The faithful Rosewarne came each day bringing a few pence and perhaps an item or two of food; but Mr Killigrew was bitter that his two sons Thomas and Henry had only been to see him twice since November.
He eagerly read the letter that I brought from his wife and expressed a sudden desire to see her again. Could it not be arranged that Mrs Killigrew should come to London?
Before I left I saw Thomas Rosewarne, and tried to understand and help unravel the tangled skein of my father’s financial affairs. Rosewarne had drawn up an account of his present position, but all was now so involved with cross claims and petitions that I could see no way out of it all. His largest creditor after the Queen was Henry Lok, the mercer, who had advanced Mr Killigrew several thousand pounds on the flimsiest security. Now Henry Lok had himself been attached by other creditors for having underwritten bonds issued by Mr Killigrew. Lok, for his part, was petitioning for some land in Devonshire belonging to my father which the Queen had now seized, and a Nicholas Athol was cross-petitioning and applying for a lease. Other land and property was the subject of suits in the Court of Wards. In all it seemed likely that my father’s true indebtedness would be upward of œ20,000.

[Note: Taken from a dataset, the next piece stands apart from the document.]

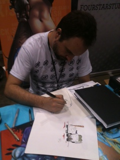 Of course, there were tons of amazing major league (Marvel’s Jeph Loeb, DC’s Gail Simone) and independent (Dirk Manning from theNightmare World series; James Murray from Bride of Prometheon Classic Horror Comics) comic creators, but my happiest moment was when electic Tim Seeley drew me a quick sketch of one of my favorite characters, Pooch, from one of my favorite comics, Hack/Slash. A modern day slasher film come to life (with emotionally true and life damaged characters), Hack/Slash is definitely worth taking a stab at (if – gasp – you haven’t already) and you can keep up the pulse at www.hackslashinc.com .

Years after so many that it is hard to think of them all I came across some old papers of that time; among them letters of my father to Sir Robert Cecil complaining grievously of his treatment; and one from my stepmother to Mr Killigrew written in April of that year. Since then through many vicissitudes I have kept this letter by me, wrinkled and yellow with age and stained and almost falling apart.